### Given records

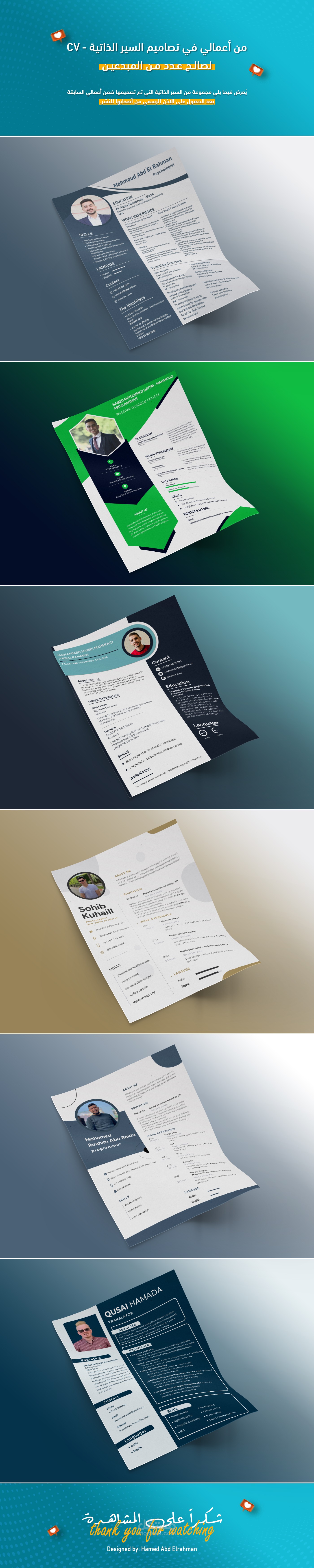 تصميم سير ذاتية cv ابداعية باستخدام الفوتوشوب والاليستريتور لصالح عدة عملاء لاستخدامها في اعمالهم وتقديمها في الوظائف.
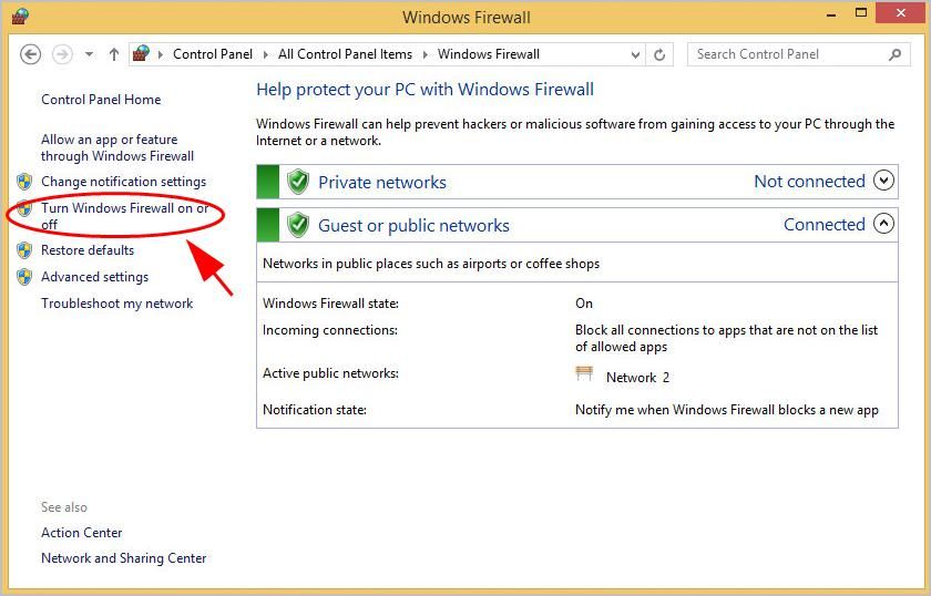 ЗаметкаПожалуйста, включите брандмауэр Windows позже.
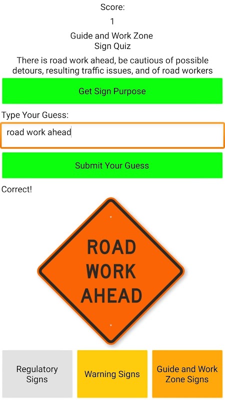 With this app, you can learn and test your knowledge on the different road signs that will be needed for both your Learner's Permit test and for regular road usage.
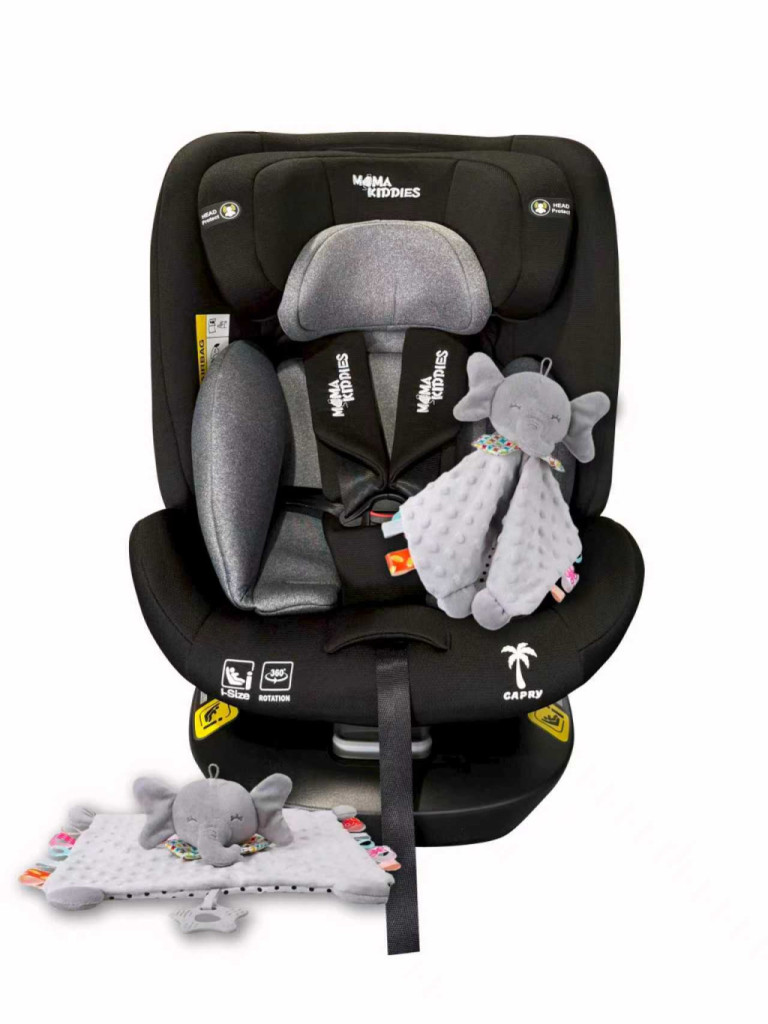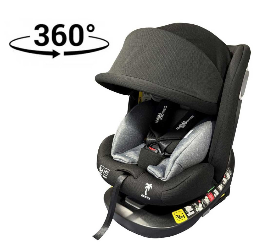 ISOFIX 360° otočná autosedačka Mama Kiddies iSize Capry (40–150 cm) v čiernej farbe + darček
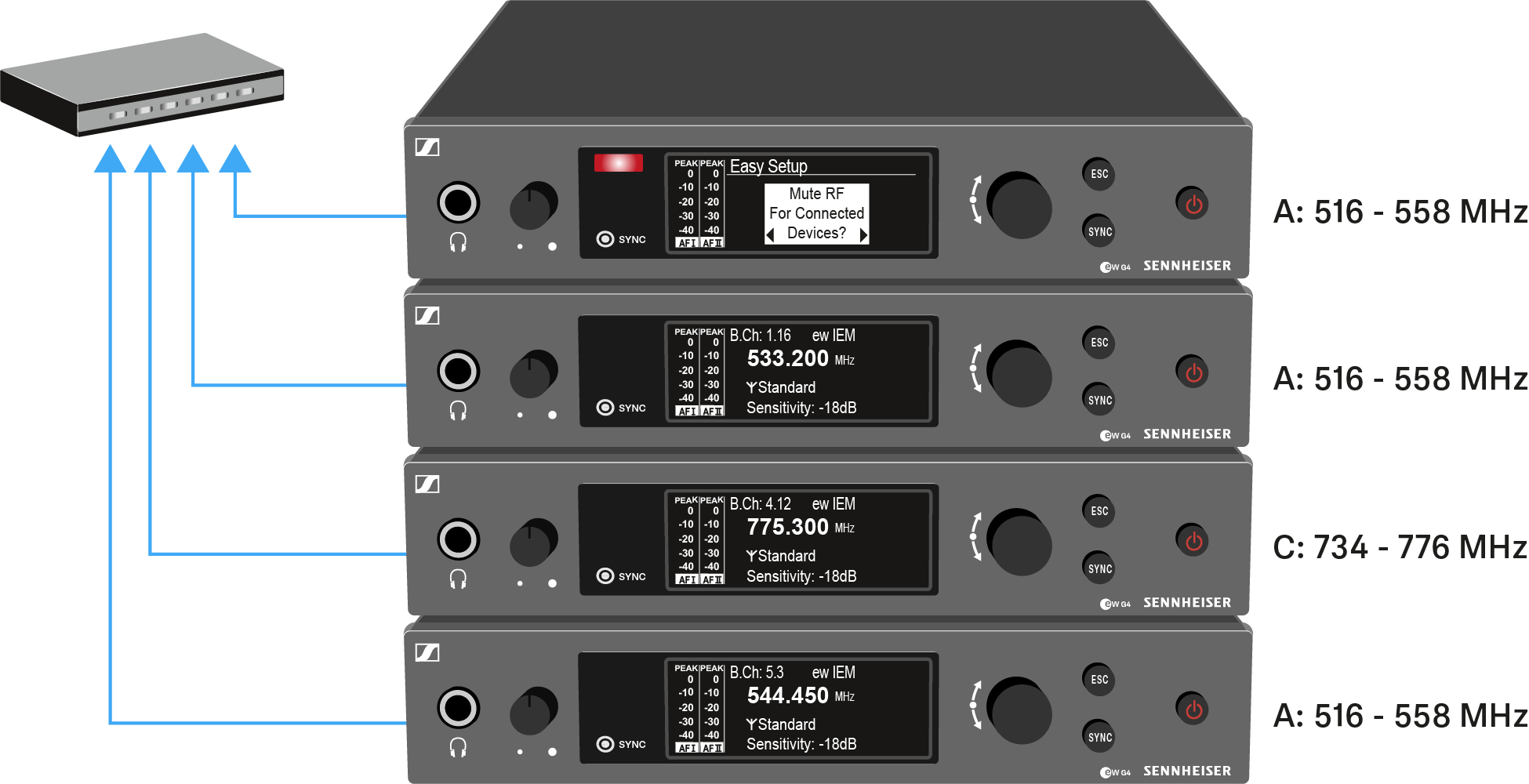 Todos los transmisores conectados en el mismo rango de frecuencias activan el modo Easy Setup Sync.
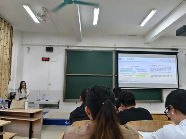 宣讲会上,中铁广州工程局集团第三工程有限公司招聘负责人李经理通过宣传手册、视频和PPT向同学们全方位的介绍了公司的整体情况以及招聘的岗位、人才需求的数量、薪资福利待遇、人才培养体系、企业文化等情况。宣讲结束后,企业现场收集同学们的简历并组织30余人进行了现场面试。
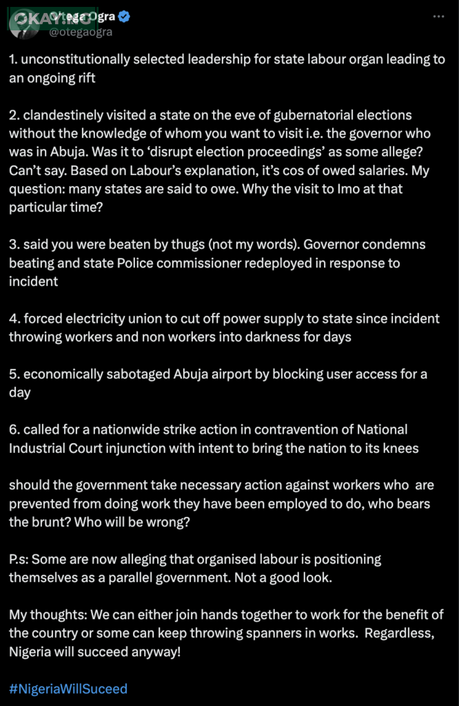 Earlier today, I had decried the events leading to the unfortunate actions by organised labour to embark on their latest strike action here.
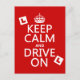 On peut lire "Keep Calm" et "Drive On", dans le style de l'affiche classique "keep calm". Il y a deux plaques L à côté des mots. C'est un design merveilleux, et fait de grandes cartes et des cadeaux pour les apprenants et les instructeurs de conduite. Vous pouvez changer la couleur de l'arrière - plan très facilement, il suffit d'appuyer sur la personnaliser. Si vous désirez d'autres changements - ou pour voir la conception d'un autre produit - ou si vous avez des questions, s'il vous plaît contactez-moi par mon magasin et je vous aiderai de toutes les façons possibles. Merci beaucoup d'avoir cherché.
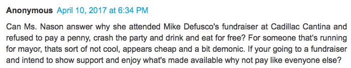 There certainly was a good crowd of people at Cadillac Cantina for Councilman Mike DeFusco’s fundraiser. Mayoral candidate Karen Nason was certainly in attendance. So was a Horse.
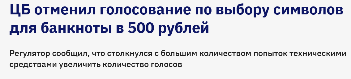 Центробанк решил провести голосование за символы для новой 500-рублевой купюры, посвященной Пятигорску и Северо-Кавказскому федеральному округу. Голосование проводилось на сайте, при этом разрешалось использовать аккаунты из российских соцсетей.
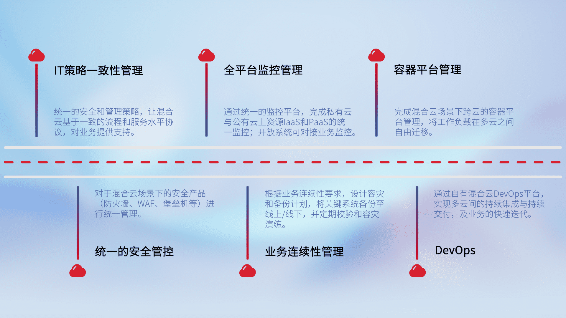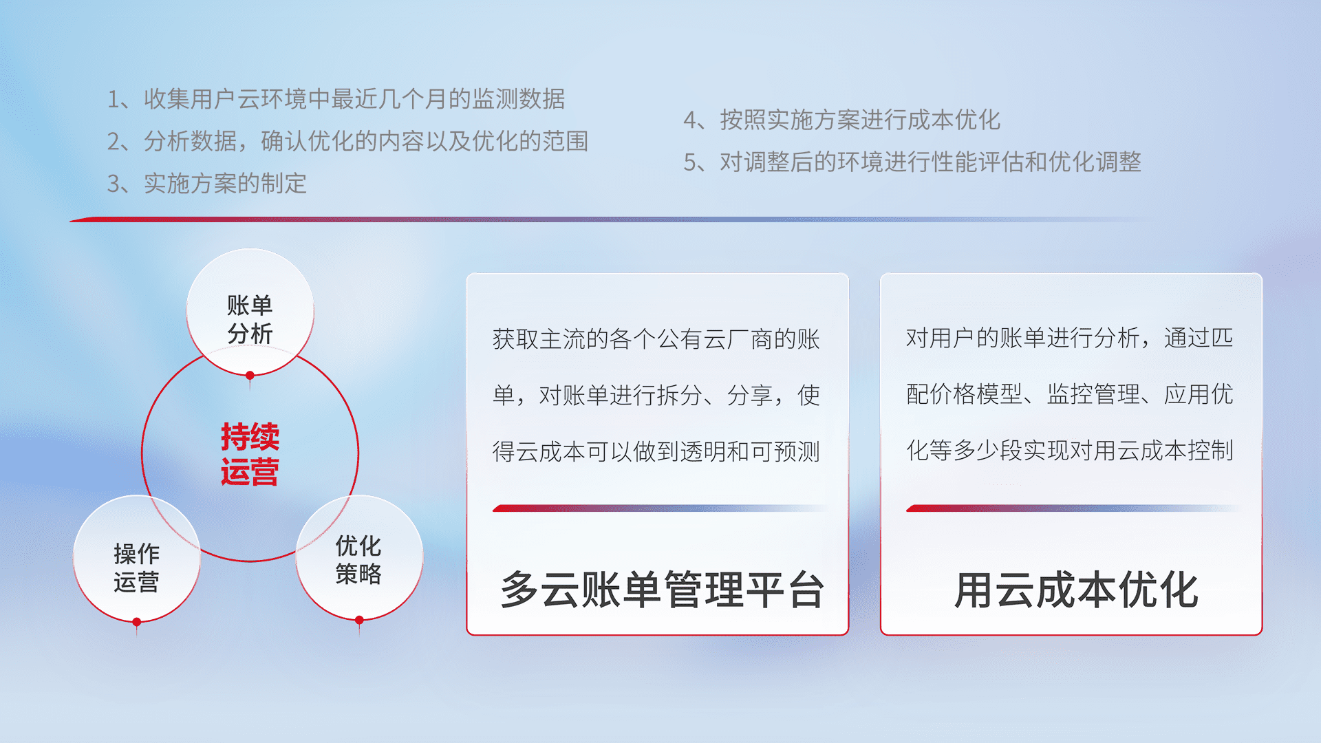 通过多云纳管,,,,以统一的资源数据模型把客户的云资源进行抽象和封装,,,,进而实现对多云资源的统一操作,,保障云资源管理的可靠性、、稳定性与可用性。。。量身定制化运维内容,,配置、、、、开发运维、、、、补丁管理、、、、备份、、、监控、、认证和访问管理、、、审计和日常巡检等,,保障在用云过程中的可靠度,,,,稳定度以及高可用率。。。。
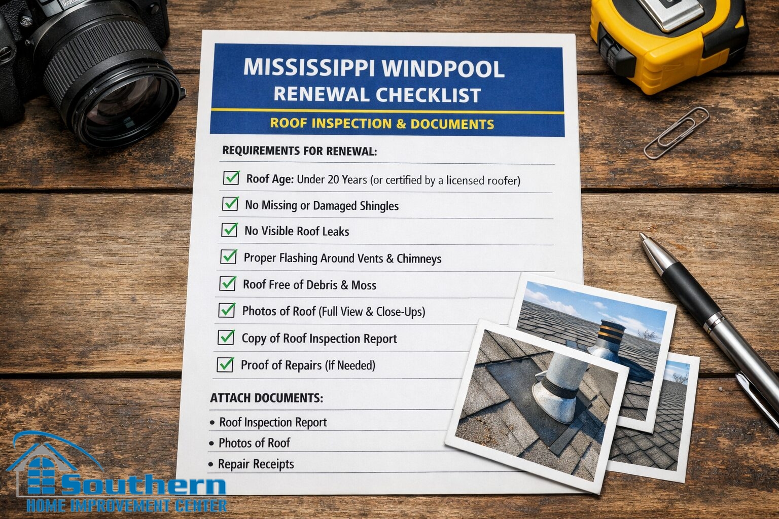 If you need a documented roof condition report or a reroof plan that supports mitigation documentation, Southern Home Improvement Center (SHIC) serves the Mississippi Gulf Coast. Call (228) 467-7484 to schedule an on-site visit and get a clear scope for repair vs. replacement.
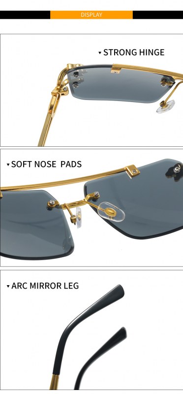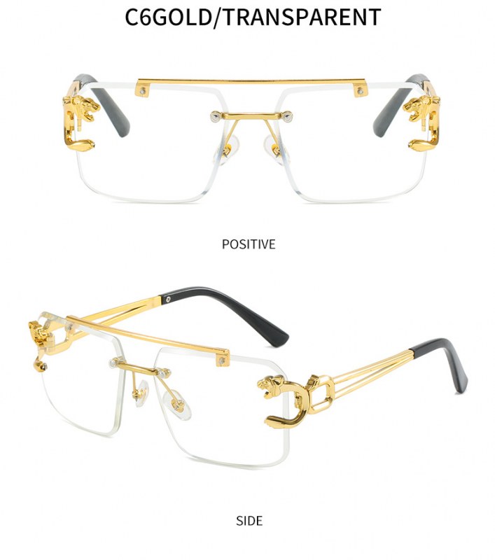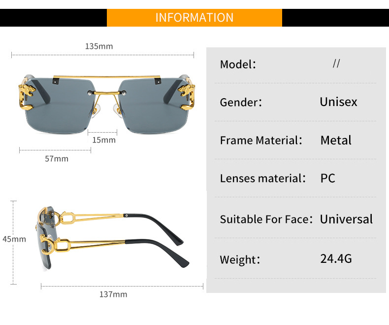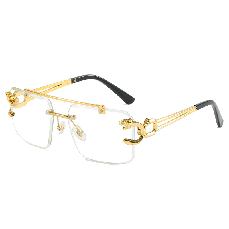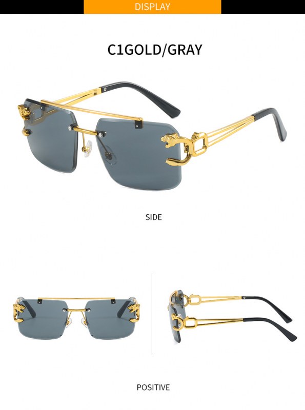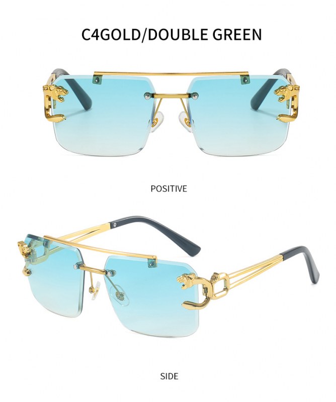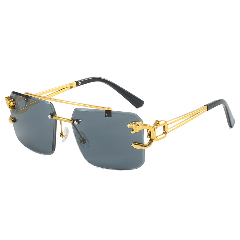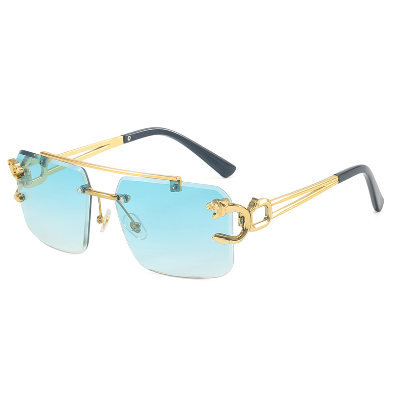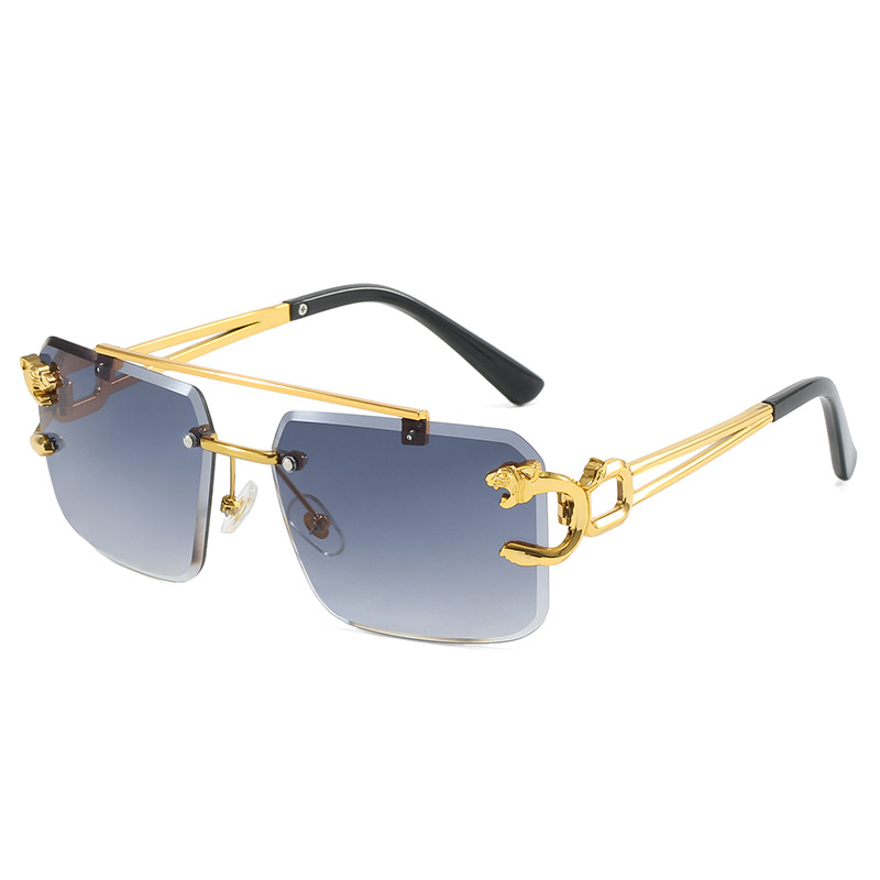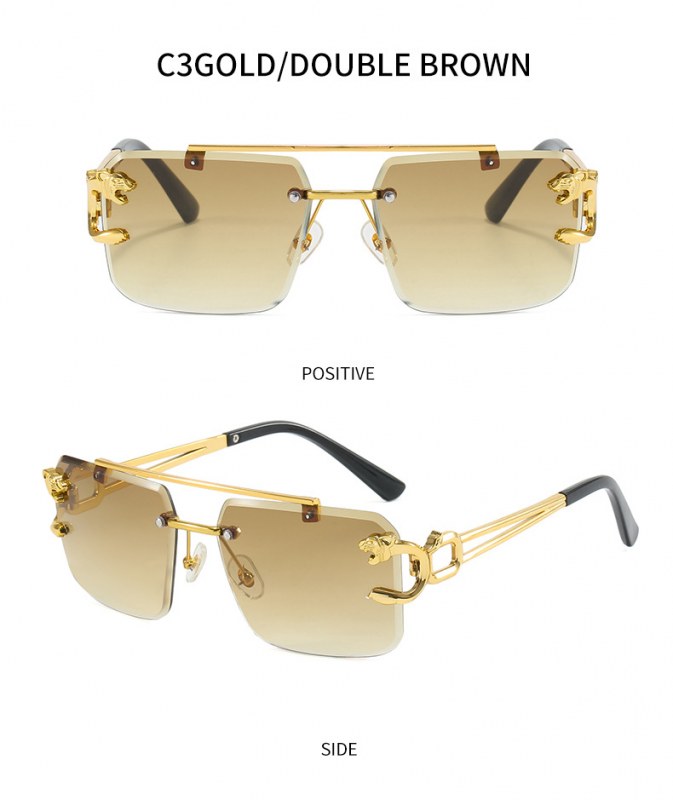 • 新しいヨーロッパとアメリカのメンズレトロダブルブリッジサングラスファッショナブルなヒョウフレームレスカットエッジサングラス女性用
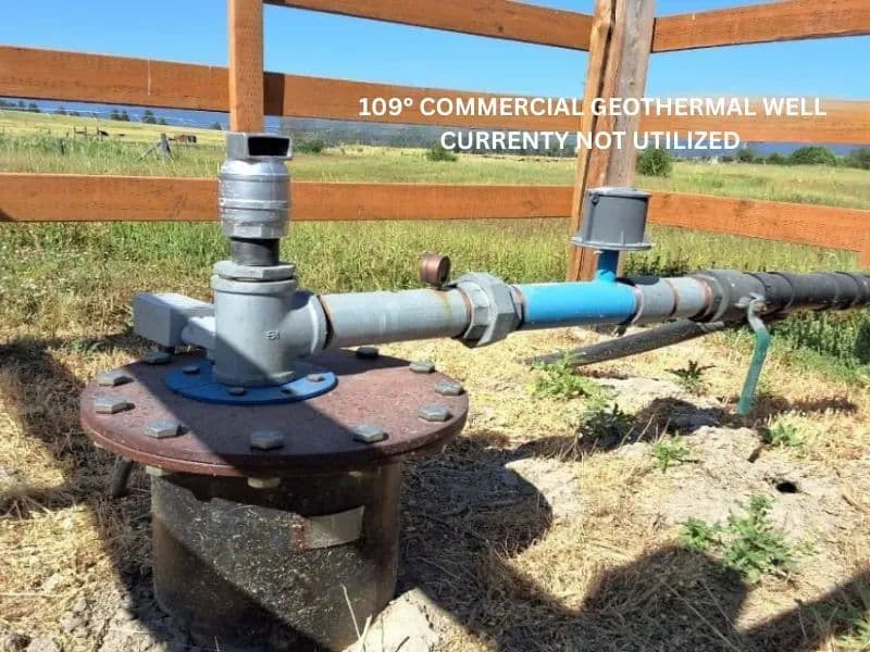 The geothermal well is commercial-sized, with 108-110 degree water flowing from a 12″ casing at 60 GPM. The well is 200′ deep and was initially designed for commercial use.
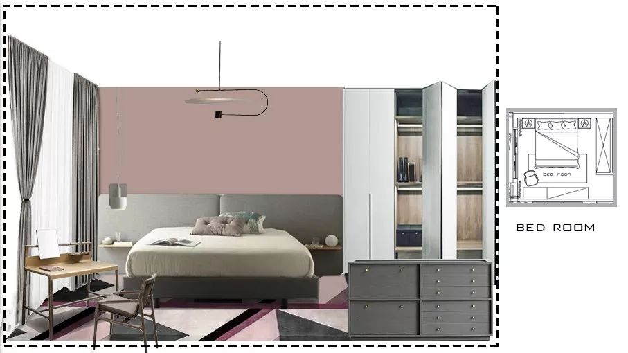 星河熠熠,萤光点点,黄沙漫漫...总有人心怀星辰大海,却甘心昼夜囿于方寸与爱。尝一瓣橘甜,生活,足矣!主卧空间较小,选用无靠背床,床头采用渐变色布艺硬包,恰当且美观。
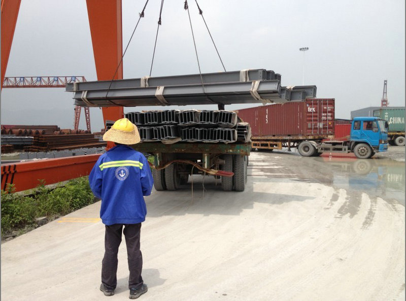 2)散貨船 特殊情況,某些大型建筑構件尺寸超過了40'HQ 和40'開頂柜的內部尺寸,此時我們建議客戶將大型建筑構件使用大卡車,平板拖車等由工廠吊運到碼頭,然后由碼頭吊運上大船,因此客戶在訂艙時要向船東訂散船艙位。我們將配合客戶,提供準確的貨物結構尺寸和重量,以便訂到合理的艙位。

######

- _Exercise details_: The required result is the entries above, printed exactly from the first line through the line with "Earlier today, I", pictures excluded.

- _Answer to the exercise_:
 تصميم سير ذاتية cv ابداعية باستخدام الفوتوشوب والاليستريتور لصالح عدة عملاء لاستخدامها في اعمالهم وتقديمها في الوظائف.
 ЗаметкаПожалуйста, включите брандмауэр Windows позже.
 With this app, you can learn and test your knowledge on the different road signs that will be needed for both your Learner's Permit test and for regular road usage.
 ISOFIX 360° otočná autosedačka Mama Kiddies iSize Capry (40–150 cm) v čiernej farbe + darček
 Todos los transmisores conectados en el mismo rango de frecuencias activan el modo Easy Setup Sync.
 宣讲会上,中铁广州工程局集团第三工程有限公司招聘负责人李经理通过宣传手册、视频和PPT向同学们全方位的介绍了公司的整体情况以及招聘的岗位、人才需求的数量、薪资福利待遇、人才培养体系、企业文化等情况。宣讲结束后,企业现场收集同学们的简历并组织30余人进行了现场面试。
 Earlier today, I had decried the events leading to the unfortunate actions by organised labour to embark on their latest strike action here.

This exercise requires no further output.